> _Material to process_

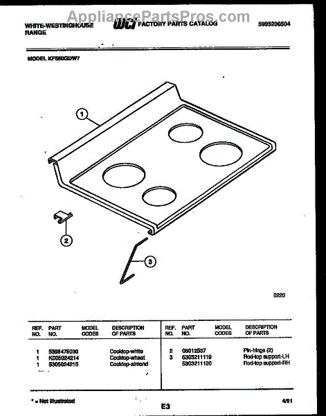 Parts for Frigidaire KF560GDW7: 04 - Cooktop Parts
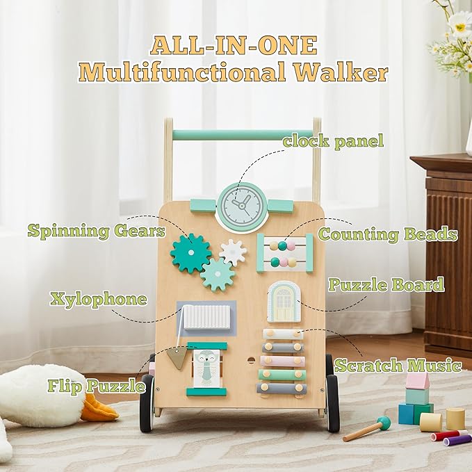 - 【Multi-Functional Push Walker】This wood baby walker push toy has a vibrant interactive panel that combines 9 classic baby favorite features: rotating mirrow, spinning gears, counting beads, puzzle board, xylophone, flip puzzle, scratch music, shape matching, tracking game, all kinds of activities that stimulate baby's senses
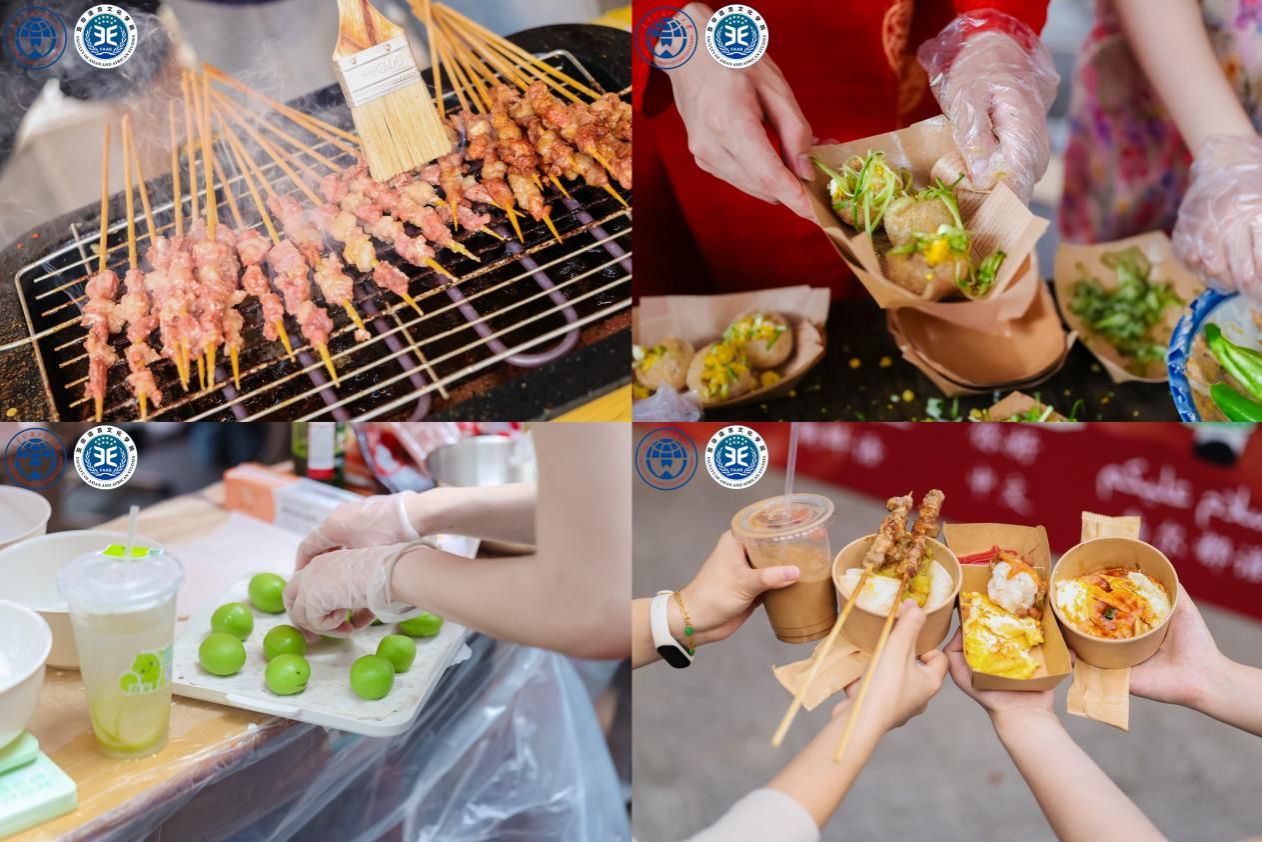 除了推出特色活动,各语系摊位还精心准备了经典美食。韩国火鸡面与辣炒年糕、土耳其咖啡与米布丁、坦桑尼亚薯条煎蛋、巴基斯坦鸡肉抓饭配手工拉西、印度脆球小吃、波斯烤鸡卷配藏红花奶茶、阿拉伯鹰嘴豆泥配皮塔饼与炙烤羊肉串配骆驼奶茶、孟加拉爆浆脆脆球、中式紫苏饮与青团汇聚一堂,多元风味交织成一幅生动的亚非美食图景。各国美食与特色活动相映成趣,共同呈现了一场融合味觉体验与人文交流的文化盛宴。
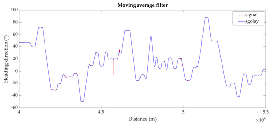 Subsequently, the Savitzky–Golay filter was applied to the heading angle trend for the purpose of smoothing the data, to increase their precision without distorting the signal tendency.
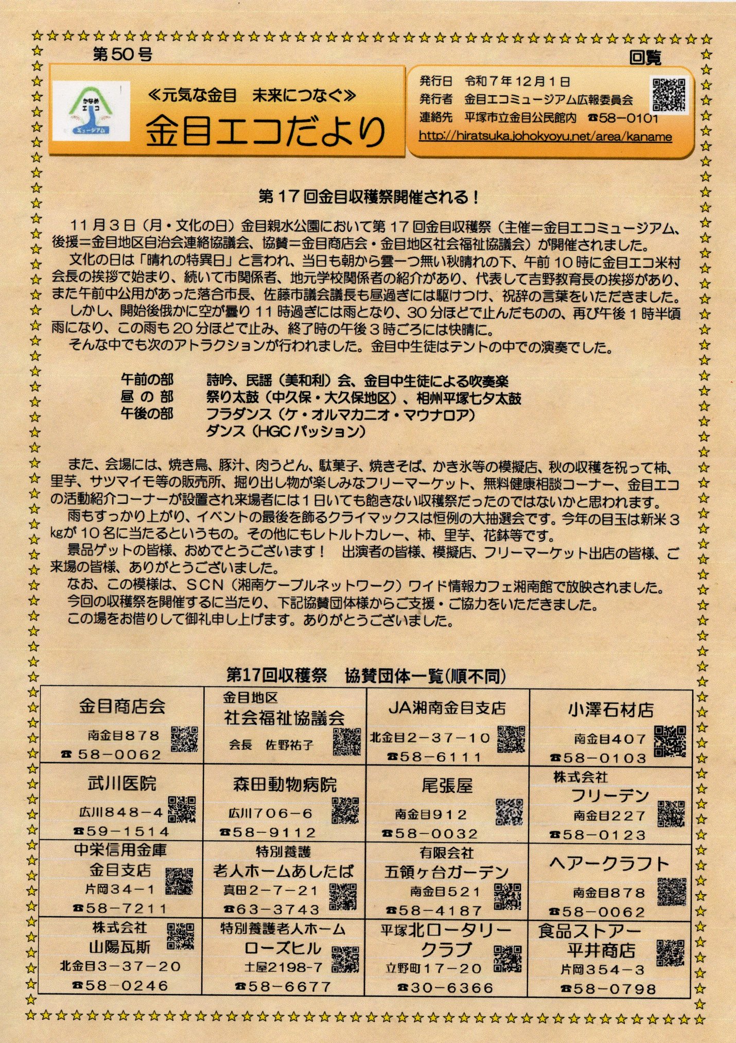 - 2025/12/14 「金目エコだより」第50号を発行しました!
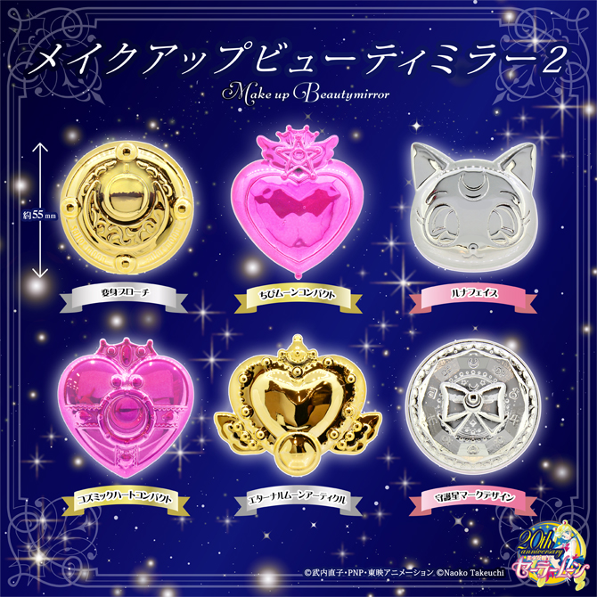 Jest to drugi zestaw lusterek z błyszczącą metalizowaną powłoką. W zestawie będą wzory: Henshin Brooch, Chibi Moon Compact, głowa Luny, Cosmic Heart Compact, Eternal Moon Article oraz wzór z symbolami planet. Wysokość to 55-60 mm. Lusterka pojawią się
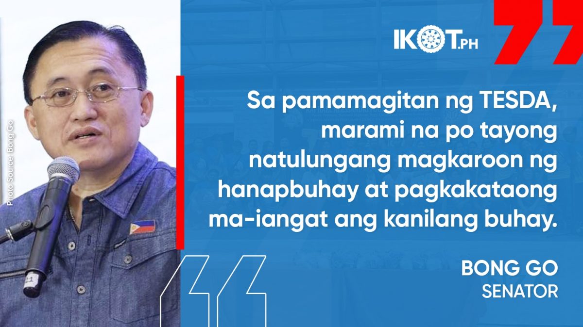 In his message during the graduation ceremony of Technical Education and Skills Development Authority (TESDA) graduates, Go said: “Sa pamamagitan ng TESDA at iba pang training institutions, marami na po tayong natulungang magkaroon ng hanapbuhay at pagkakataong maiangat ang kanilang buhay.”
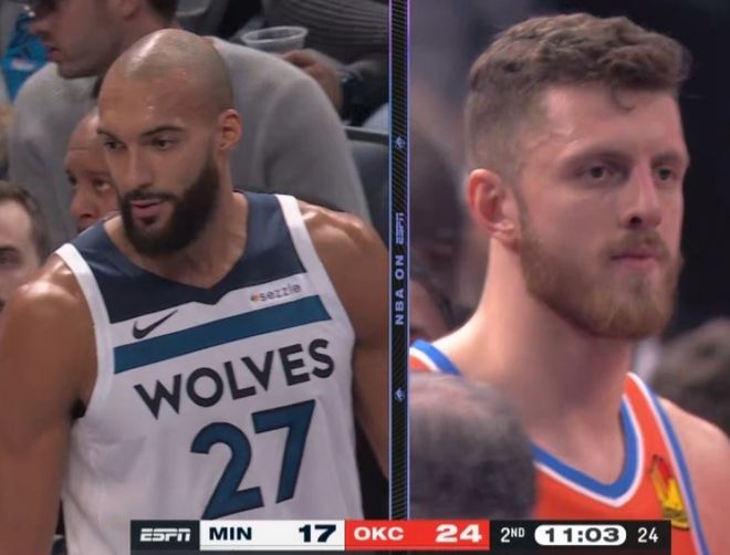 戈贝尔击中哈尔滕施泰因面部吃T,森林狼挑战成功改吹哈尔滕施泰因犯规,但戈贝尔技术犯规保留。

> _What is expected_
Before you return the listing exactly, strip out its pictures.

> _Task solution_
 Parts for Frigidaire KF560GDW7: 04 - Cooktop Parts
 - 【Multi-Functional Push Walker】This wood baby walker push toy has a vibrant interactive panel that combines 9 classic baby favorite features: rotating mirrow, spinning gears, counting beads, puzzle board, xylophone, flip puzzle, scratch music, shape matching, tracking game, all kinds of activities that stimulate baby's senses
 除了推出特色活动,各语系摊位还精心准备了经典美食。韩国火鸡面与辣炒年糕、土耳其咖啡与米布丁、坦桑尼亚薯条煎蛋、巴基斯坦鸡肉抓饭配手工拉西、印度脆球小吃、波斯烤鸡卷配藏红花奶茶、阿拉伯鹰嘴豆泥配皮塔饼与炙烤羊肉串配骆驼奶茶、孟加拉爆浆脆脆球、中式紫苏饮与青团汇聚一堂,多元风味交织成一幅生动的亚非美食图景。各国美食与特色活动相映成趣,共同呈现了一场融合味觉体验与人文交流的文化盛宴。
 Subsequently, the Savitzky–Golay filter was applied to the heading angle trend for the purpose of smoothing the data, to increase their precision without distorting the signal tendency.
 - 2025/12/14 「金目エコだより」第50号を発行しました!
 Jest to drugi zestaw lusterek z błyszczącą metalizowaną powłoką. W zestawie będą wzory: Henshin Brooch, Chibi Moon Compact, głowa Luny, Cosmic Heart Compact, Eternal Moon Article oraz wzór z symbolami planet. Wysokość to 55-60 mm. Lusterka pojawią się
 In his message during the graduation ceremony of Technical Education and Skills Development Authority (TESDA) graduates, Go said: “Sa pamamagitan ng TESDA at iba pang training institutions, marami na po tayong natulungang magkaroon ng hanapbuhay at pagkakataong maiangat ang kanilang buhay.”
 戈贝尔击中哈尔滕施泰因面部吃T,森林狼挑战成功改吹哈尔滕施泰因犯规,但戈贝尔技术犯规保留。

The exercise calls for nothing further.